__Exercise aim__:
Omit all pictures and give the records below again exactly as written.

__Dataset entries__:
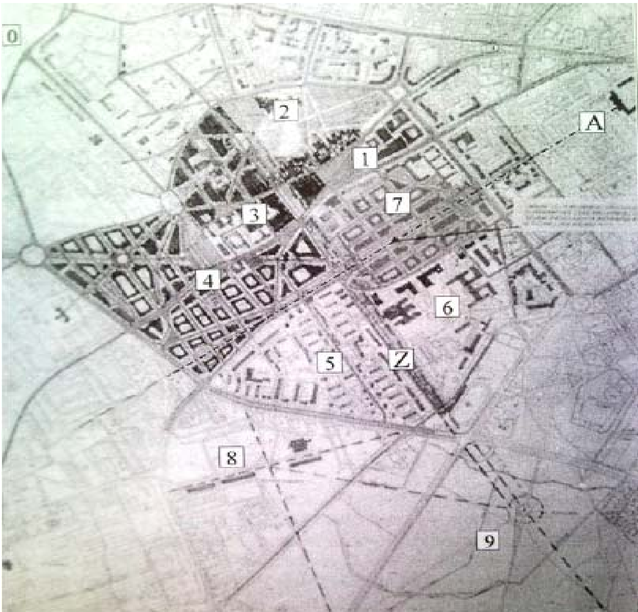
racja 4. Koncepcja adaptacji osiemnastowiecznego założenia ogrodowo-urbanicznego do projektowanego Centrum.

„Of Branickich”, Z – „Zielona Oś”, 1 – Rynek Sienny, 2 – Park Centralny i Kaplica Magdaleny, 3 – kwartał obiektów usługowych, 4 – osiedle Kopernika, 5 – osiedle Tyecia, 6 – kompleks szpitalny, 7 – osiedle Piaski, 8 – Politechnika Białostocka, Zwierzyniec, 10 – tereny dworców PKP i PKS (przej. A. Turecki 1995).
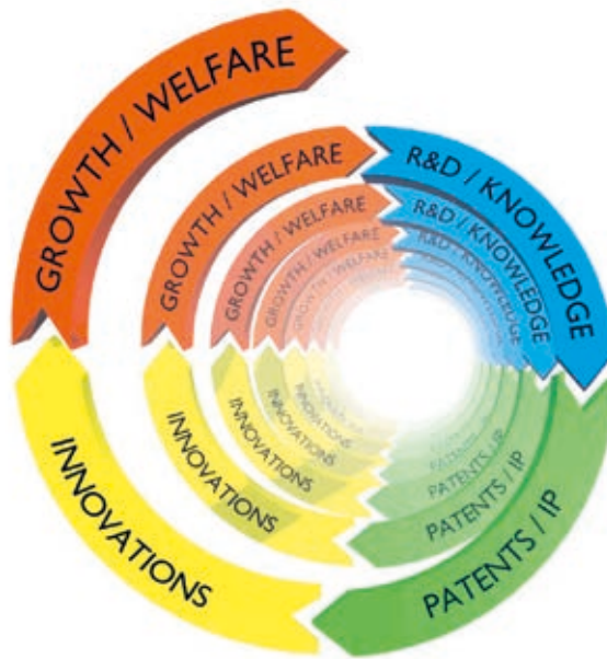
Figur 19.1 Innovationsspiralen
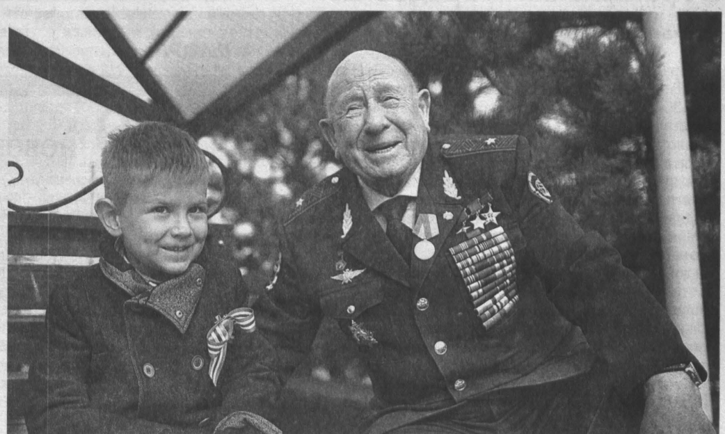
На празднике в Новокузнецке разные поколения кузбассовцев объединила гордость за родной край.
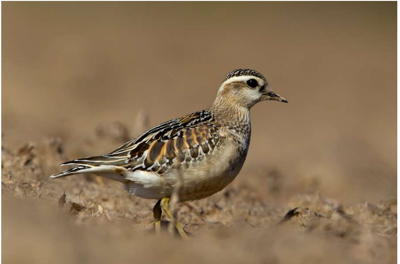
Mornel Charadrius morinelleus.

os. w Rakowiskach pod Białą Podlaską (C. Mitrus); 2011 – 16 os. koło Połazi w gminie Liw (Z. Kasprzykowski); 8 X 2017 - 1os. koło Somianki (M. Jobda i R. Rzepkowski) oraz 19 X 2013 – 1 os. koło Rupina (A. Goławski i E. Mróz).
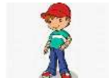
Vidéo « where is my cap ? »
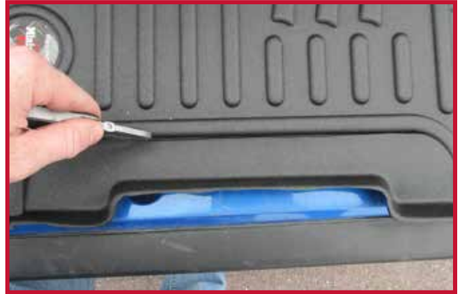
Figure 7 – Découpage du tapis côté conducteur pour installation avec un siège EzyRider ou un siège du marché de l'après-vente.

8. À l'intérieur de l'emballage contenant les directives d'installation, localiser le crochet de retenue en plastique noir et le tube blanc d'Apprêt 94, comme montré à la Figure 8.
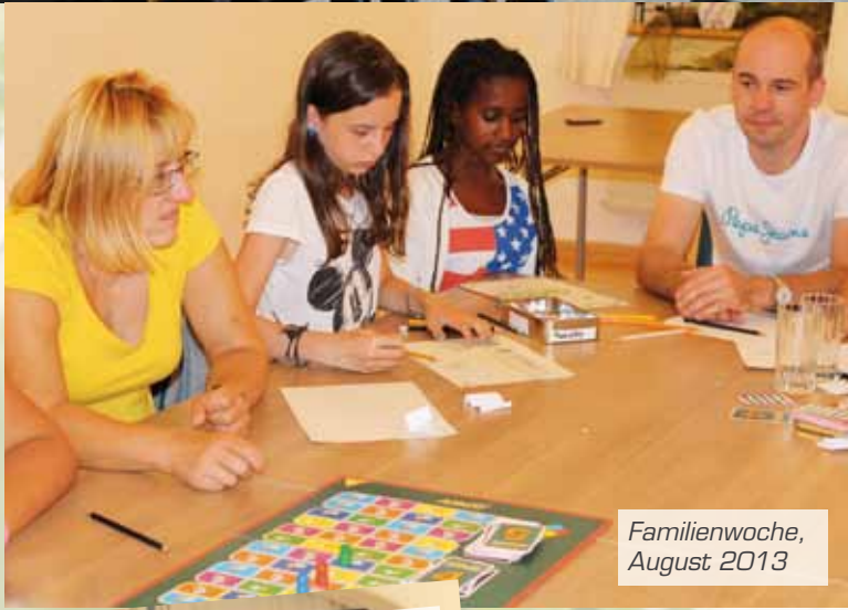
Familienwoche, August 2013
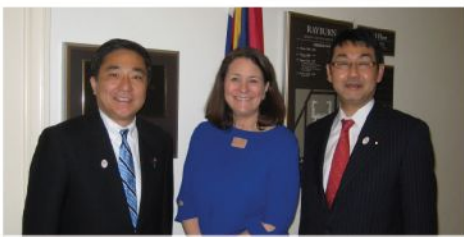
ディゲット下院日本研究グループ共同議長 (民)
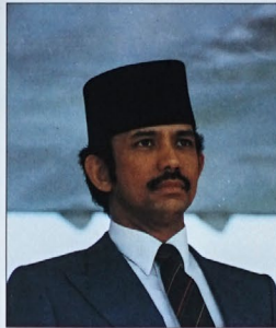
Kebawah Duli Yang Maha Mulia Paduka Seri Baginda Sultan Haji Hassanal Bolkiah Mu'izzaddin Waddaulah, Sultan dan Yang Di-Pertuan Negara Brunei Darussalam.
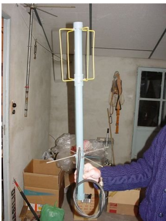
c) Eggbeater II de UHF

Aún así la antena me gustaba, pues la verdad es bonita, e hice una versión para VHF, y poder subir a los pajaritos. En VHF es una verdadera bomba, y no solo subiendo, sino la utilicé también para recibir los satélites meteorológicos, obteniendo resultados mucho mejor a los de la Turnstyle, sobre todo en ángulos bajos. Os puedo contar que como tiene polarización horizontal en el horizonte, posteriormente he trabajado estaciones en SSB terrestres a mas de 400 Km. sin estar estas en una sierra. Esta antena si me dio muchas satisfacciones.
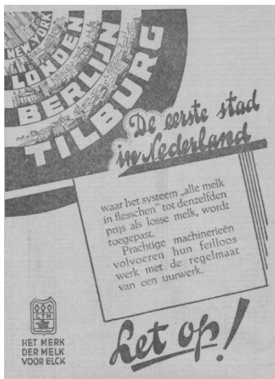
Afb. 6: De ambities van de CTM reikten tot ver over de grenzen, gezien deze advertentie in de Nieuwe Tilburgsche Courant van 23 mei 1931. 5)
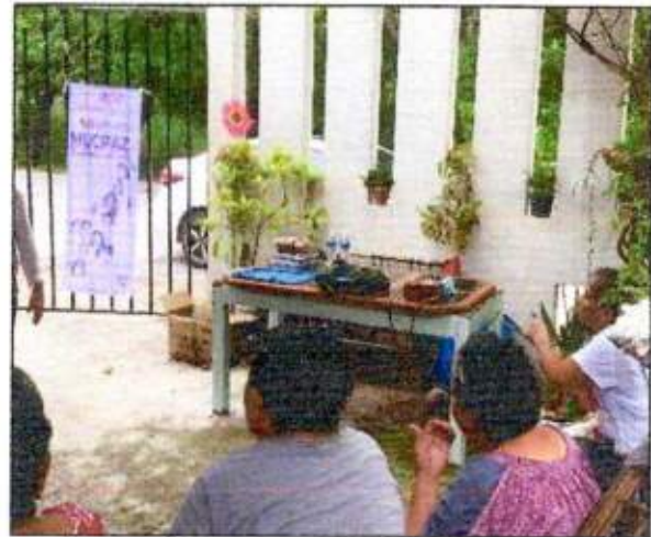
Sesión de trabajo a las integrantes de la Red MUCPAZ (Mujeres en Armonía) del municipio de Benito Juárez - Región 75. 18/octubre/2023.
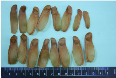
小葉桃花心木 (頂生翅種子)
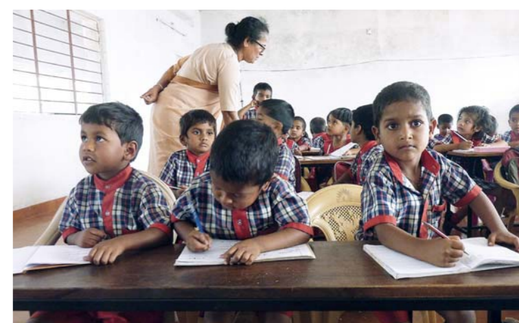
Ovšem škola je hlavně na učení, a tak už druhý den po slavnosti paní ředitelka dohlížela na to, aby byla škola „základem života“...
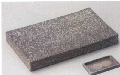
25601-669 黒窯変金ちらし7.6長角皿(両面使用可) 8,500円 (23×13.5×3cm)
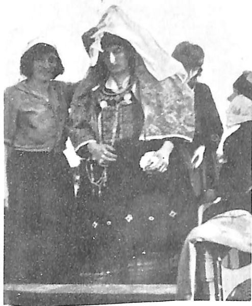
Përgatitja e nuses për të shkuar në shtëpinë e burrit – Malësi e Madhe (Shkodër)
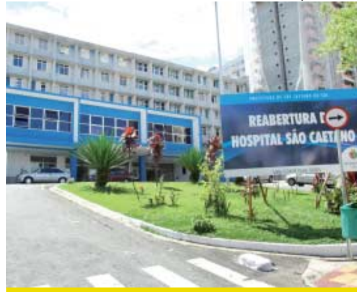
Prefeitura é depositária do Hospital por decisão da Justiça
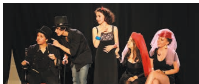
Les jeunes acteurs de l'atelier Récré-activité de Soues
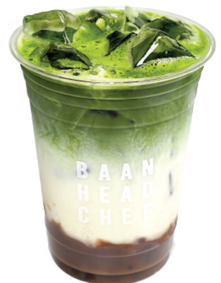
มัทฉะ ลาเต้ ถั่วแดง 195 THB MATCHA RED BEAN LATTE
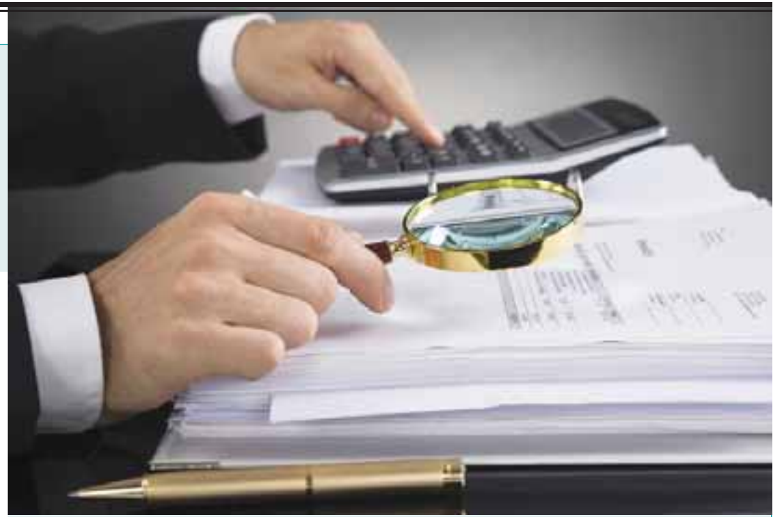
A Receita poderia analisar uma forma diferente de parcelamento que esteja mais adequada ao faturamento da empresa.

Para ele, o que explica o elevado índice, excluindo da análise as companhias que têm conduta fraudulenta, é ausência de caixa das companhias, uma vez que fica responsável por recolher seu tributo e de seus clientes, além de ter de
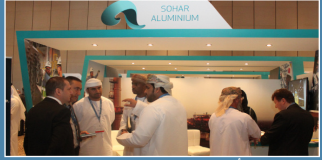
صحار ألنيوم تشارك في مؤتمر عربال ٢٠١٣م SA participates in Arabal Conference 2013

__Answer space__:
racja 4. Koncepcja adaptacji osiemnastowiecznego założenia ogrodowo-urbanicznego do projektowanego Centrum.

„Of Branickich”, Z – „Zielona Oś”, 1 – Rynek Sienny, 2 – Park Centralny i Kaplica Magdaleny, 3 – kwartał obiektów usługowych, 4 – osiedle Kopernika, 5 – osiedle Tyecia, 6 – kompleks szpitalny, 7 – osiedle Piaski, 8 – Politechnika Białostocka, Zwierzyniec, 10 – tereny dworców PKP i PKS (przej. A. Turecki 1995).
Figur 19.1 Innovationsspiralen
На празднике в Новокузнецке разные поколения кузбассовцев объединила гордость за родной край.
Mornel Charadrius morinelleus.

os. w Rakowiskach pod Białą Podlaską (C. Mitrus); 2011 – 16 os. koło Połazi w gminie Liw (Z. Kasprzykowski); 8 X 2017 - 1os. koło Somianki (M. Jobda i R. Rzepkowski) oraz 19 X 2013 – 1 os. koło Rupina (A. Goławski i E. Mróz).
Vidéo « where is my cap ? »
Figure 7 – Découpage du tapis côté conducteur pour installation avec un siège EzyRider ou un siège du marché de l'après-vente.

8. À l'intérieur de l'emballage contenant les directives d'installation, localiser le crochet de retenue en plastique noir et le tube blanc d'Apprêt 94, comme montré à la Figure 8.
Familienwoche, August 2013
ディゲット下院日本研究グループ共同議長 (民)
Kebawah Duli Yang Maha Mulia Paduka Seri Baginda Sultan Haji Hassanal Bolkiah Mu'izzaddin Waddaulah, Sultan dan Yang Di-Pertuan Negara Brunei Darussalam.
c) Eggbeater II de UHF

Aún así la antena me gustaba, pues la verdad es bonita, e hice una versión para VHF, y poder subir a los pajaritos. En VHF es una verdadera bomba, y no solo subiendo, sino la utilicé también para recibir los satélites meteorológicos, obteniendo resultados mucho mejor a los de la Turnstyle, sobre todo en ángulos bajos. Os puedo contar que como tiene polarización horizontal en el horizonte, posteriormente he trabajado estaciones en SSB terrestres a mas de 400 Km. sin estar estas en una sierra. Esta antena si me dio muchas satisfacciones.
Afb. 6: De ambities van de CTM reikten tot ver over de grenzen, gezien deze advertentie in de Nieuwe Tilburgsche Courant van 23 mei 1931. 5)
Sesión de trabajo a las integrantes de la Red MUCPAZ (Mujeres en Armonía) del municipio de Benito Juárez - Región 75. 18/octubre/2023.
小葉桃花心木 (頂生翅種子)
Ovšem škola je hlavně na učení, a tak už druhý den po slavnosti paní ředitelka dohlížela na to, aby byla škola „základem života“...
25601-669 黒窯変金ちらし7.6長角皿(両面使用可) 8,500円 (23×13.5×3cm)
Përgatitja e nuses për të shkuar në shtëpinë e burrit – Malësi e Madhe (Shkodër)
Prefeitura é depositária do Hospital por decisão da Justiça
Les jeunes acteurs de l'atelier Récré-activité de Soues
มัทฉะ ลาเต้ ถั่วแดง 195 THB MATCHA RED BEAN LATTE
A Receita poderia analisar uma forma diferente de parcelamento que esteja mais adequada ao faturamento da empresa.

Para ele, o que explica o elevado índice, excluindo da análise as companhias que têm conduta fraudulenta, é ausência de caixa das companhias, uma vez que fica responsável por recolher seu tributo e de seus clientes, além de ter de
صحار ألنيوم تشارك في مؤتمر عربال ٢٠١٣م SA participates in Arabal Conference 2013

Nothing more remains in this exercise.